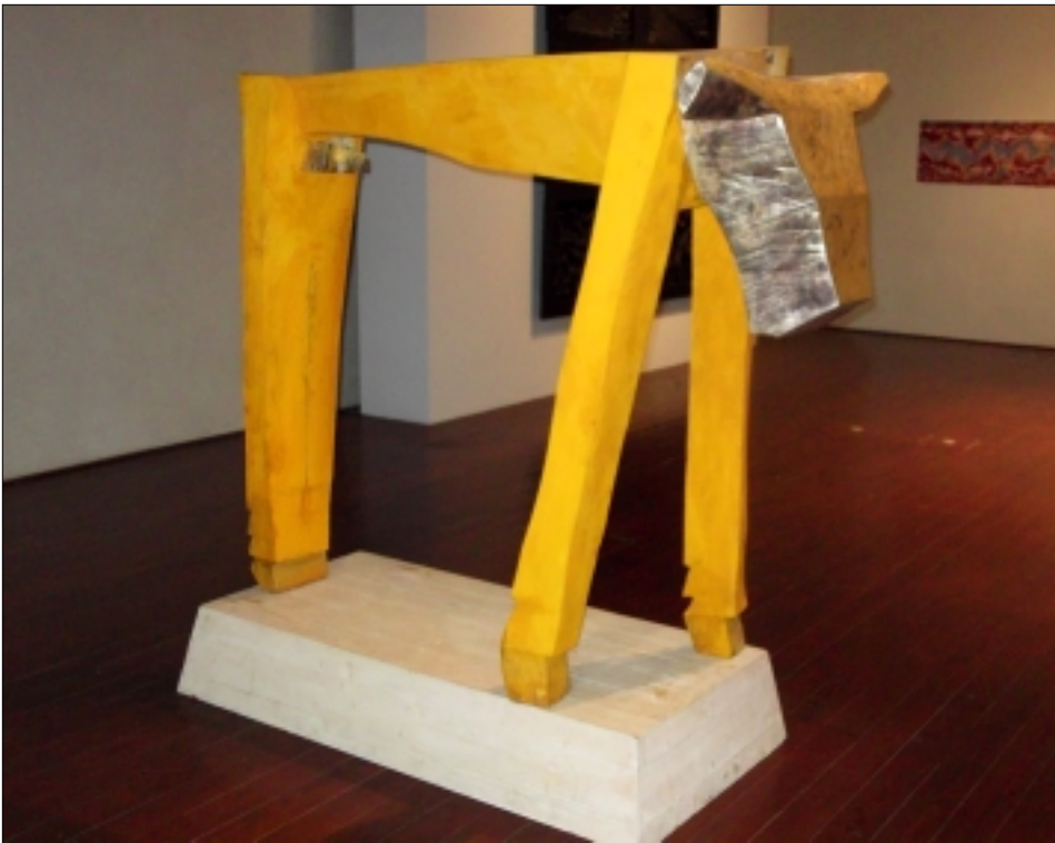
JAN KOBLASA: ZLATÉ TELE

V Jízdárně Pražského hradu je retrospektiva díla Jana Koblasy u příležitosti 80. narozenin. Věnuje se sochařství, malířství, kresbě, grafice, scénografii, kostýmnímu výtvarnictví filmovému i divadelnímu, literatuře i hudbě. Byl zakladatelem skupiny Šmidrové . V roce 1968 odešel do exilu a působil jako pedagog v Kielu až do roku 1998. Přes řadu exponátů, počínaje jeho realistickým obdobím až po jeho abstraktní
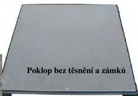
Poklop bez těsnění a zámků
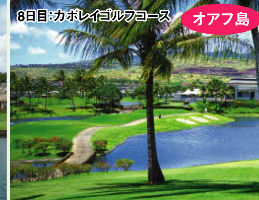
8日目:カボレイゴルフコース オアフ島
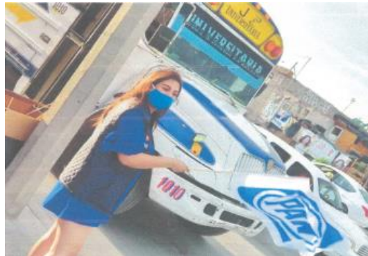
Imagen ciento seis
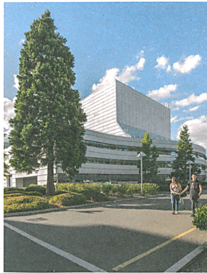
Claude Vasconi baute 1993 das mächtige Théâtre Filature.
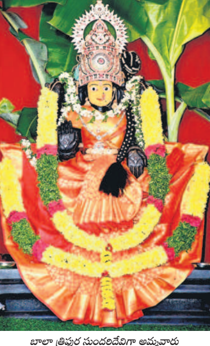
బాలా త్రిపుర సుందరిగా అమ్మవారు
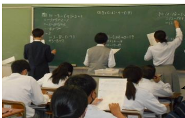
【一学年 授業風景より】

5月6日(木)より、気温等の上昇に伴い服装の軽装化を実施し、夏服への移行を始めました。しかし、まだまだ天候は不安定な状況のようです。寒く感じる時などは、学校指定のブレザーやベスト、下着で調節する体調等の自己管理をお願いします。
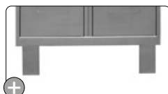
Option : pieds en inox soudés
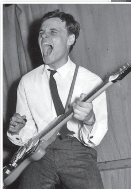
A Scampolo gitárosaként, a hatvanas évek elején

Először autószerelőként, majd karosszériásként dolgozott. De ebben a környezetben is sikerült megismerkednie zenészekkel.
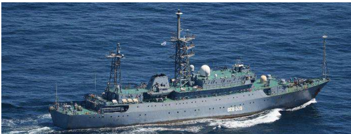
ヴィンニャ級情報収集艦（艦番号「535」）
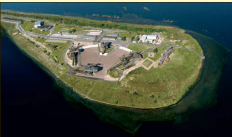
„Die Stadt aus Eisen“ – Ferropolis, Foto: www.ferropolis.de

Einzelzimmerzuschlag: 40,00 €. Eintrittsgelder sind nicht im Fahrpreis enthalten. Änderungen im Reiseablauf behält sich der Reiseveranstalter vor. Bitte beachten Sie unsere Hinweise auf der Seite 4 und unsere Reisebedingungen auf den Seiten 170 und 171.
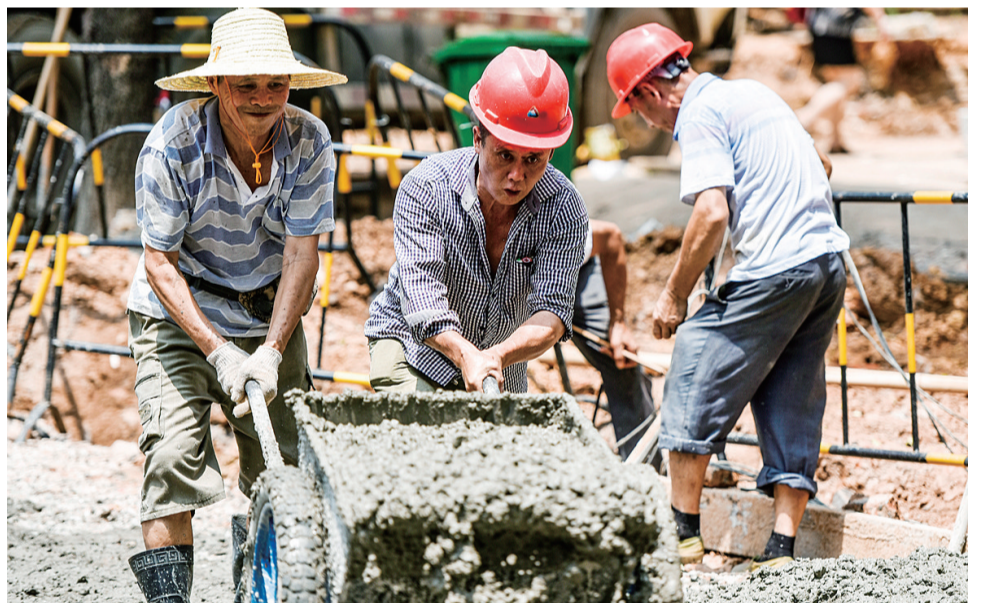
阳光很烈 他们很美 致敬高温下的劳动者

8月18日，在天元区一小区改造工地，建筑工人顶着烈日铺设水泥道路。气象台发布专报称，截至18日，株洲本月已有16天气气温超35℃。这一周，市区有6天最高气温达38℃。
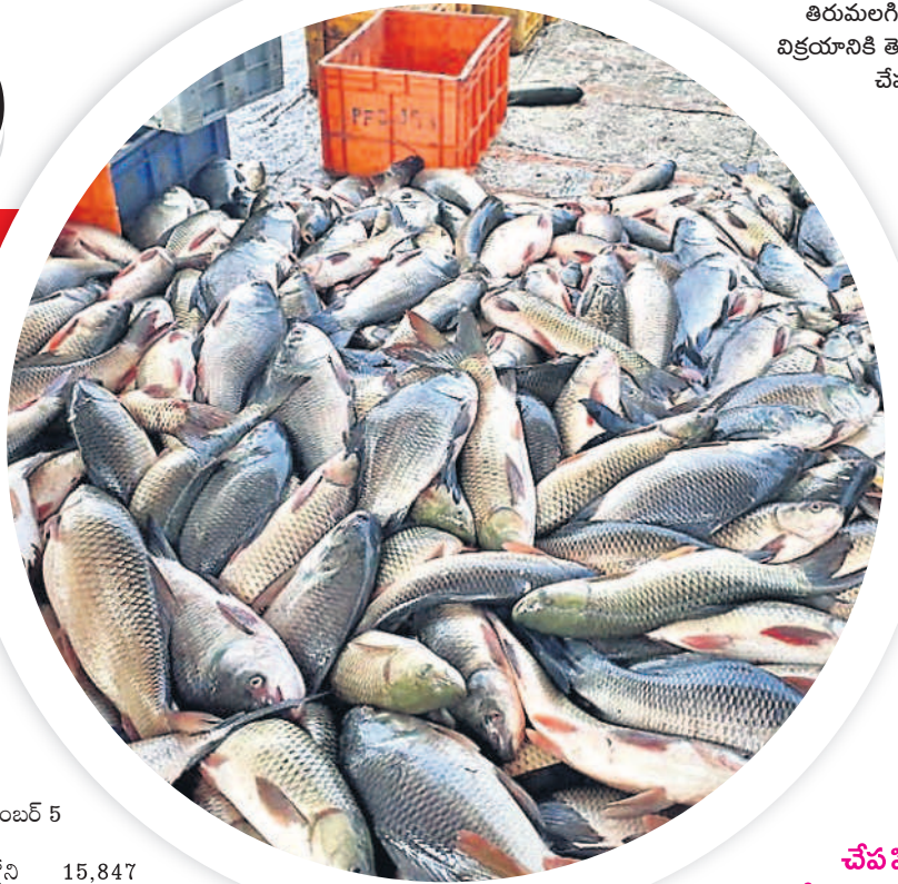
తిరుమలగిరిలో విక్రయానికి తెచ్చిన చేపలు.
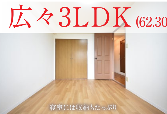
寝室には収納もたっぷり
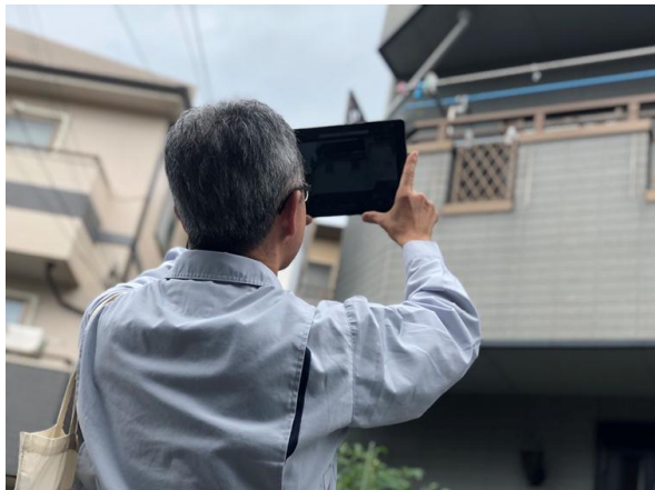
バックアップセンターの鑑定人と会話しながら、地震被災家屋の外観を撮影
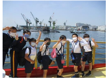
5年神戸ベイクルーズ ・グリコピア神戸
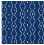
L4535_ZANZIB AR_B53_FE_VE RSO
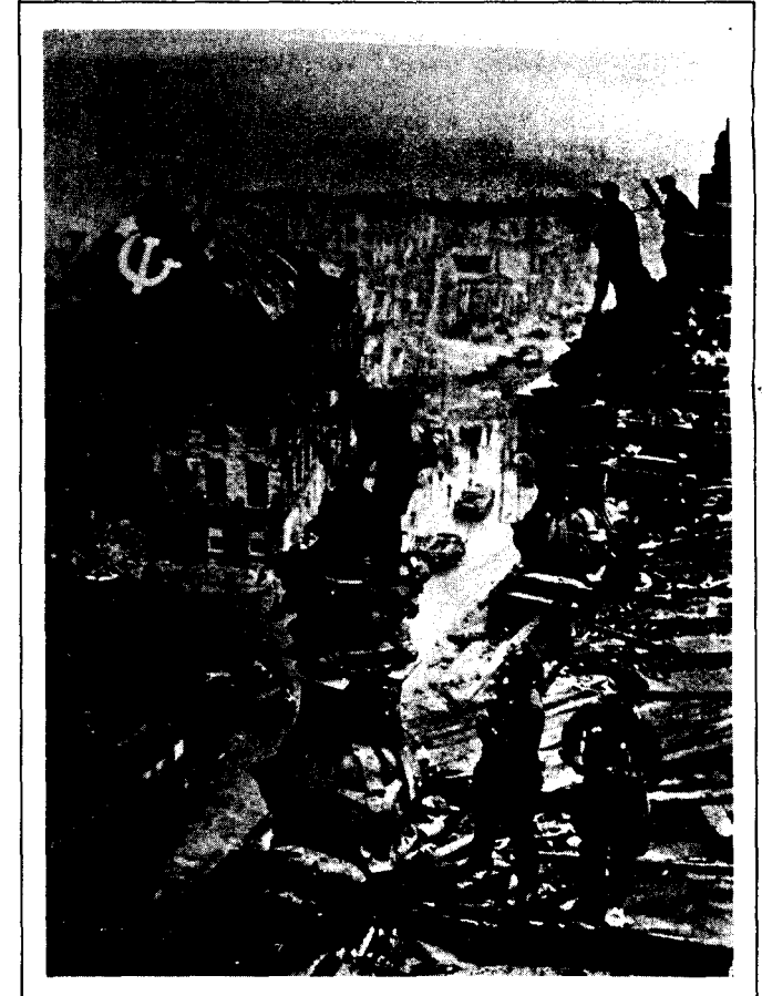
Kızılordu askerleri Berlin'de Reichstag binasına kızıl bayrak dikerlerken

İşte bu sebeplerden kapitalist dünya ekonomisi sisteminin birinci buhranı sonucu I. dünya savaşı; ikinci buhranı sonucu 2. dün
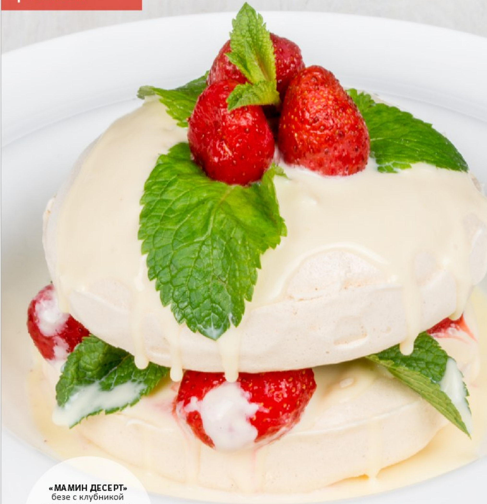
«МАМИН ДЕСЕРТ» безе с клубникой и сливочным кремом

«MOM'S DESSERT» MERINGUE WITH STRAWBERRIES AND BUTTER CREAM
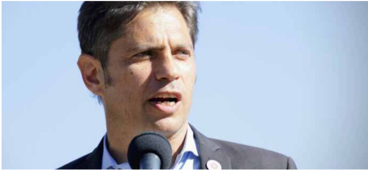
Dura crítica. El gobernador Kicillof volvió a castigar al presidente Milei

El gobernador bonaerense se refirió a la marcha universitaria
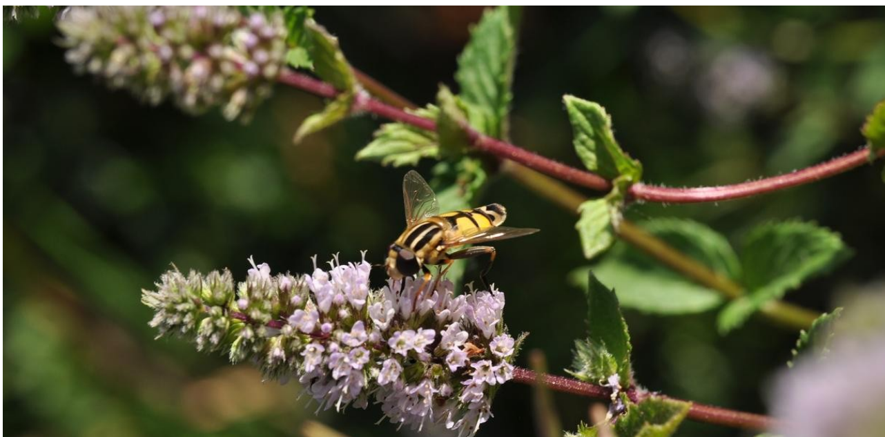
Pestřenka (Helophilus trivittus)

Chodím po zahrádce a občas se podívám na statný porost meduňky a bojovného řepíku. Vedle rostoucí máta právě kvete. Její světle modrá květenství jsou lákadlem pro několik zástupců blanokřídlého a dvoukřídlého hmyzu. Zejména, když se do květů opře sluníčko, záhon ožije. Nedaleko stojící komule Davidova připravuje zase vonné esence pro motýly. Zdá se, ráj na zemi.
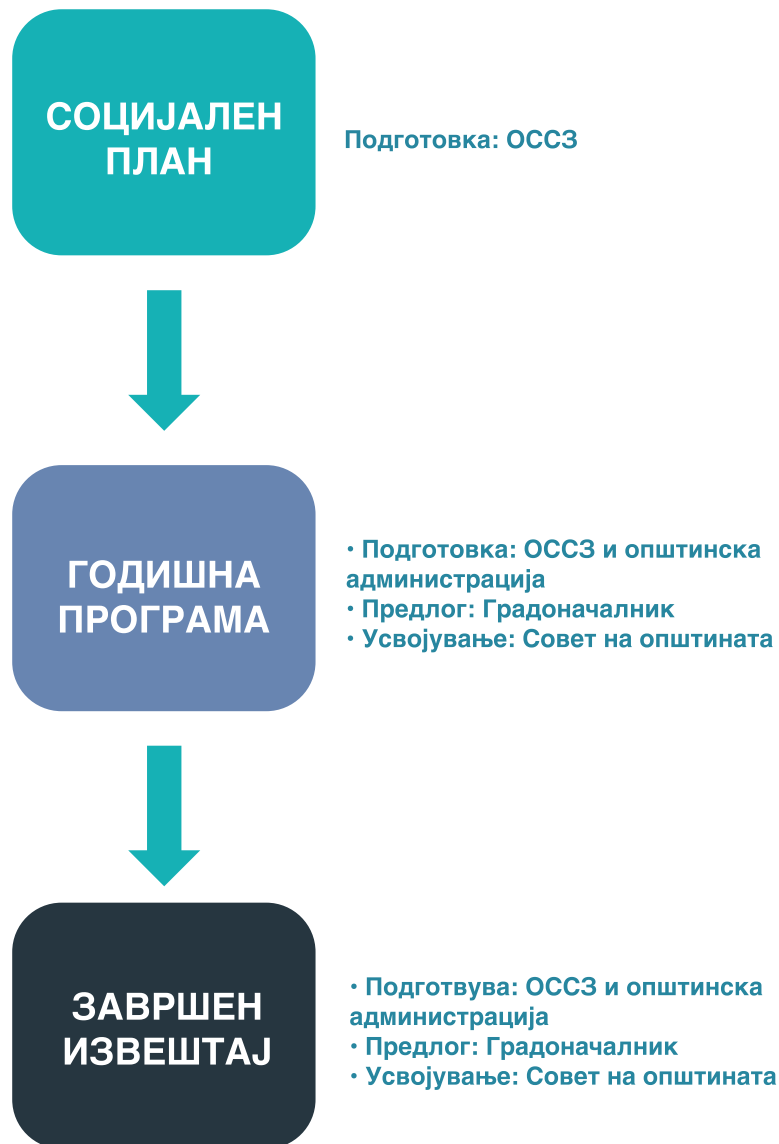
Слика 4. Процес на годишно стратешко планирање

Врз основа на социјалниот план, советот на општината на предлог на градоначалникот усвојува годишна програма за потребите на граѓаните од областа на социјалната заштита, во која се предвидуваат активности и средства за нивна реализација. Членовите на ОССЗ се активно вклучени во изработката на годишната програма, која треба да е во согласност со Националната програма за развој на социјалната заштита, донесена од Владата на Република Северна Македонија за период од 10 години. На крајот од годината се усвојува завршен извештај за реализирани активности во социјалната заштита според предвидената годишна програма, кој се доставува до Министерството за труд и социјална политика (види Слика 4).

▶ **About this task**
Go through the listing above and quote it exactly, apart from its images.

▶ **Answer below**
JAN KOBLASA: ZLATÉ TELE

V Jízdárně Pražského hradu je retrospektiva díla Jana Koblasy u příležitosti 80. narozenin. Věnuje se sochařství, malířství, kresbě, grafice, scénografii, kostýmnímu výtvarnictví filmovému i divadelnímu, literatuře i hudbě. Byl zakladatelem skupiny Šmidrové . V roce 1968 odešel do exilu a působil jako pedagog v Kielu až do roku 1998. Přes řadu exponátů, počínaje jeho realistickým obdobím až po jeho abstraktní
Poklop bez těsnění a zámků
8日目:カボレイゴルフコース オアフ島
Imagen ciento seis
Claude Vasconi baute 1993 das mächtige Théâtre Filature.
బాలా త్రిపుర సుందరిగా అమ్మవారు
【一学年 授業風景より】

5月6日(木)より、気温等の上昇に伴い服装の軽装化を実施し、夏服への移行を始めました。しかし、まだまだ天候は不安定な状況のようです。寒く感じる時などは、学校指定のブレザーやベスト、下着で調節する体調等の自己管理をお願いします。
Option : pieds en inox soudés
A Scampolo gitárosaként, a hatvanas évek elején

Először autószerelőként, majd karosszériásként dolgozott. De ebben a környezetben is sikerült megismerkednie zenészekkel.
ヴィンニャ級情報収集艦（艦番号「535」）
„Die Stadt aus Eisen“ – Ferropolis, Foto: www.ferropolis.de

Einzelzimmerzuschlag: 40,00 €. Eintrittsgelder sind nicht im Fahrpreis enthalten. Änderungen im Reiseablauf behält sich der Reiseveranstalter vor. Bitte beachten Sie unsere Hinweise auf der Seite 4 und unsere Reisebedingungen auf den Seiten 170 und 171.
阳光很烈 他们很美 致敬高温下的劳动者

8月18日，在天元区一小区改造工地，建筑工人顶着烈日铺设水泥道路。气象台发布专报称，截至18日，株洲本月已有16天气气温超35℃。这一周，市区有6天最高气温达38℃。
తిరుమలగిరిలో విక్రయానికి తెచ్చిన చేపలు.
寝室には収納もたっぷり
バックアップセンターの鑑定人と会話しながら、地震被災家屋の外観を撮影
5年神戸ベイクルーズ ・グリコピア神戸
L4535_ZANZIB AR_B53_FE_VE RSO
Kızılordu askerleri Berlin'de Reichstag binasına kızıl bayrak dikerlerken

İşte bu sebeplerden kapitalist dünya ekonomisi sisteminin birinci buhranı sonucu I. dünya savaşı; ikinci buhranı sonucu 2. dün
«МАМИН ДЕСЕРТ» безе с клубникой и сливочным кремом

«MOM'S DESSERT» MERINGUE WITH STRAWBERRIES AND BUTTER CREAM
Dura crítica. El gobernador Kicillof volvió a castigar al presidente Milei

El gobernador bonaerense se refirió a la marcha universitaria
Pestřenka (Helophilus trivittus)

Chodím po zahrádce a občas se podívám na statný porost meduňky a bojovného řepíku. Vedle rostoucí máta právě kvete. Její světle modrá květenství jsou lákadlem pro několik zástupců blanokřídlého a dvoukřídlého hmyzu. Zejména, když se do květů opře sluníčko, záhon ožije. Nedaleko stojící komule Davidova připravuje zase vonné esence pro motýly. Zdá se, ráj na zemi.
Слика 4. Процес на годишно стратешко планирање

Врз основа на социјалниот план, советот на општината на предлог на градоначалникот усвојува годишна програма за потребите на граѓаните од областа на социјалната заштита, во која се предвидуваат активности и средства за нивна реализација. Членовите на ОССЗ се активно вклучени во изработката на годишната програма, која треба да е во согласност со Националната програма за развој на социјалната заштита, донесена од Владата на Република Северна Македонија за период од 10 години. На крајот од годината се усвојува завршен извештај за реализирани активности во социјалната заштита според предвидената годишна програма, кој се доставува до Министерството за труд и социјална политика (види Слика 4).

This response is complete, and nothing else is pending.